Imagine o quanto a física seria mais difícil se os elétrons tivessem sentimentos.
https://cynefin.io/wiki/Schools_of_sense-making (recuperado em 06/07/2025).
https://en.wikipedia.org/wiki/Sensemaking (recuperado em 06/07/2025).
https://en.wikipedia.org/wiki/Cynefin_framework (recuperado em 06/07/2025).
Human Robot Agent (Jojo Ventures, 2025).
Em Making Sense of Chaos (Penguin, 2024).
The Grammar of Systems: From Order to Chaos and Back (SCiO, 2022).
Em um evento ao vivo, tratando de complexidade e Pensamento Sistêmico, Jurgen disse não se lembrar de ter escrito que o Pensamento Sistêmico é “um pouco mais do que o pensamento determinista do século 19 num modelito do século 20.” (Management 3.0, p. 49).
No mesmo livro ele sugere um modelo Estrutura x Comportamento. No novo trabalho não há sombra nem citação da ideia.
Em um livro pensado para vender o maravilhoso mundo superpopulado por IAs, o autor dedica generosas páginas para conversar sobre agilidade, complexidade e outras coisas que seguem (inconvenientemente) na moda. Eu vivo reclamando dos pobres livros que enchem linguiça em torno de uma única ideia (geralmente fraca). Provavelmente influenciado por Ashby — só a variedade absorve variedade — Appelo vai no sentido oposto: o que não falta em seu novo livro são ideias. E listas de imperativos, fundamentos, princípios, valores etc.

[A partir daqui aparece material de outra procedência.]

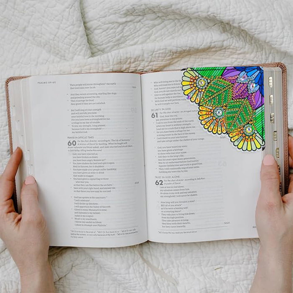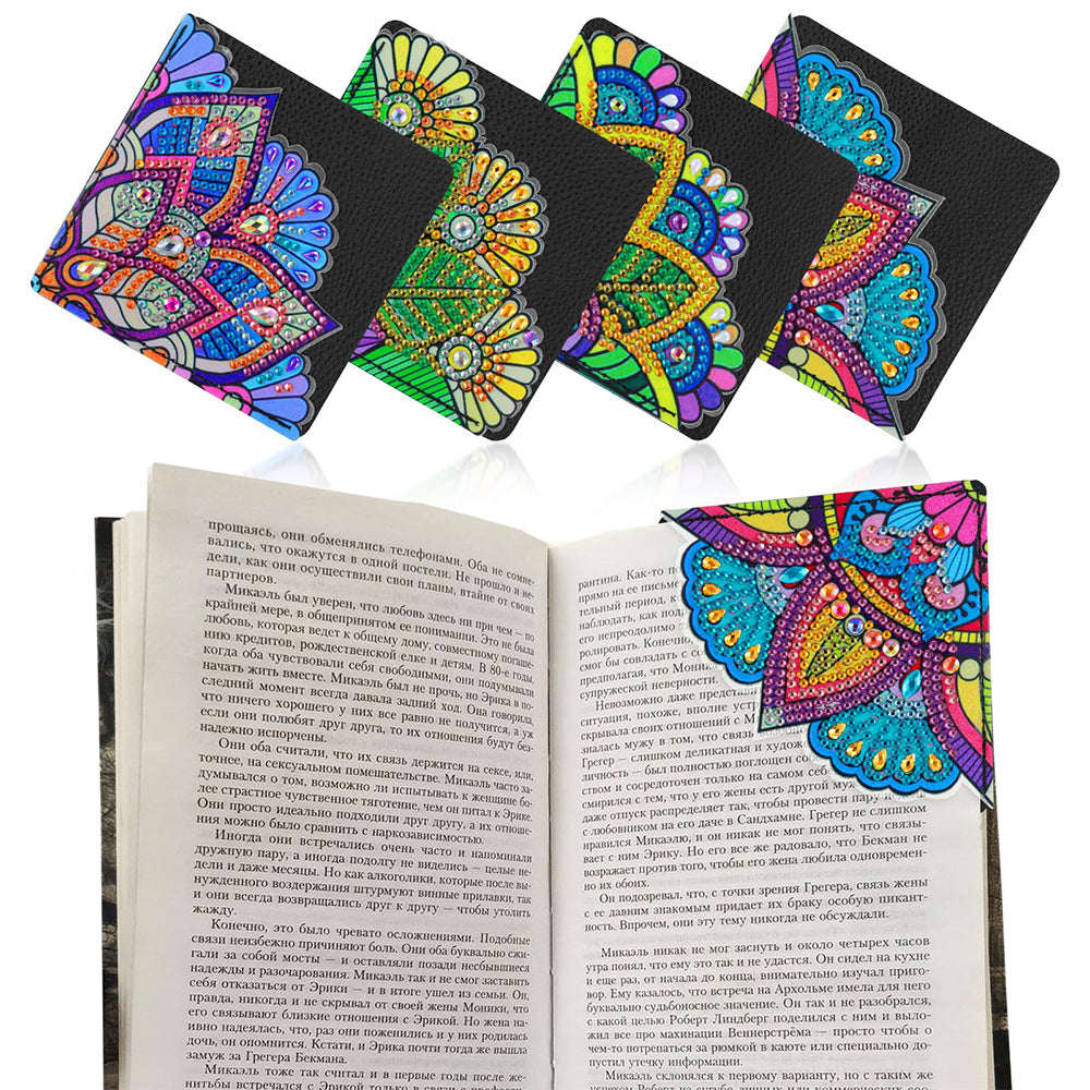 4Pcs de Marque-Pages Avec Coins Protecteurs en PU Mandala Bleu et Vert Broderie Diamant

Human Robot Agent é um livro cansativo. Cansa pelos excessos e pela quantidade de “you-should’s”. E cansa com um bate papo meio infantilizado com IAs que abre e fecha todos os 25 capítulos. Mas, veja só, em 07/07/25 o título tem nota 4,5 no Goodreads. Ou seja, eu não sei de nada.
Por favor, o Beto Guedes não tem nada a ver com isso. A Feira dele é moderna.
ps: Não, querida/o, eu não entendo nada do que ele fala na música. Eu não sei de nada. Eu nem li o jornal. E a distância já morreu. A paz na terra. Amém!
A Quinta Disciplina (Best Seller, 2019-1990), e em praticamente todos os trabalhos derivados deste.
A narração se baseou exclusivamente neste blog, na apostila do curso e na série de vídeos onde apresento a minha proposta. Ou seja, se houve mancada, ela é minha.